Egypt Court Ruling May Spark Violence, U.S. Embassy Says
Protests expected to follow an Egyptian court ruling scheduled for tomorrow on a fatal soccer riot may spark “significant violence,” the U.S. embassy said.
The decision could cause disorder “through the weekend in both Cairo and Port Said,” the embassy said on its website. Americans should “carefully weigh all movements beyond residences and immediate neighborhoods, particularly avoiding the downtown area of Cairo.” British citizens were also told in a website posting by their embassy to “avoid all demonstrations and large gatherings” after tomorrow’s verdict.
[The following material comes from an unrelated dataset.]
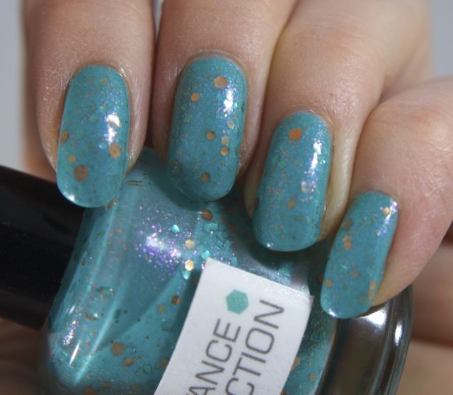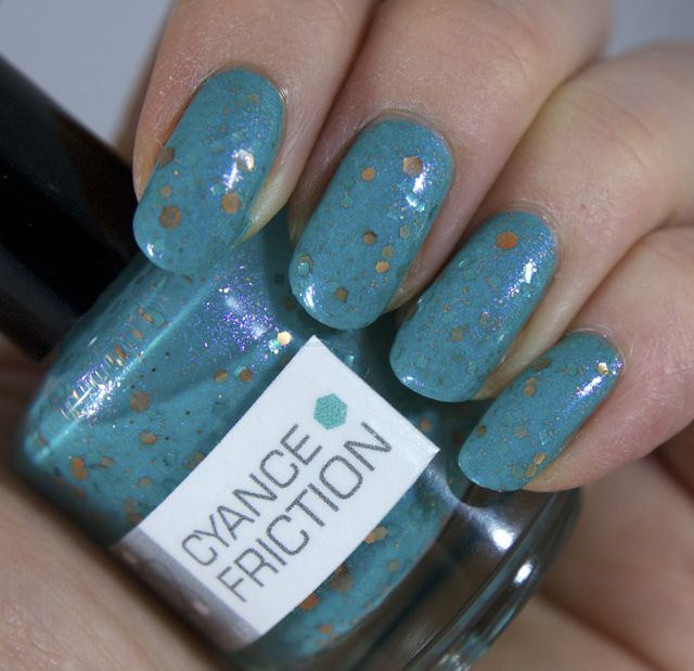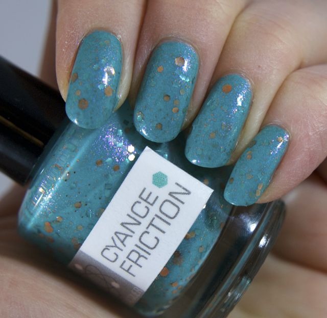 Cyance Friction kommer från Nerdlacquers Nerd Crush-kollektion och är starkt blåturkos med kopparfärgade och turkosa glitter och rosa skimmer. Knalligt, in-your-face och ganska så underbart! Jag gillar det verkligen, men jag måste vara på rätt humör för att bära det. Jag hade två lager på de flesta fingrar – på några blev det tre för att få upp lite mer glitter. Som med de flesta Nerdar var det lätt att applicera. (Och bara som lite kuriosa kan jag nämna att jag nu äger 45 Nerdlacquers. Jag har lyckats få tag i de flesta jag vill ha!)

The court is due to rule on 52 defendants, including police officers, on charges relating to a riot after a game in Port Said in February 2012. It’s the second ruling in the case after a January verdict when 21 people were sentenced to death.
The case has become a focal point for anger against the Islamist-led government, which is accused by opponents of failing to reform the security services and judiciary, key demands of the 2011 revolution that ousted Hosni Mubarak. Unrest linked to the rulings has been fueling political and economic instability in Port Said, near the Sinai Peninsula, and other cities.
The court cases stem from the deaths of at least 74 people in 2012 when fans of Port Said’s Al Masry team surged onto the pitch after defeating the Cairo-based Al Ahly team, whose supporters tried to flee only to find the gates bolted.
An anti-government protester was killed and 54 injured late yesterday in Port Said, state-run Ahram Gate reported. Clashes have been continuing over the last week, leaving a total of at least six dead and hundreds injured in the Suez Canal city and neighboring provinces.
Defendants may appeal, and Grand Mufti Shawki Ibrahim Abdel-Karim, head of the country’s top religious institution, must accept or reject the rulings.
The office of the mufti said he needed more time to review more than 1,000 pages of related documentation, according to Ahram Gate.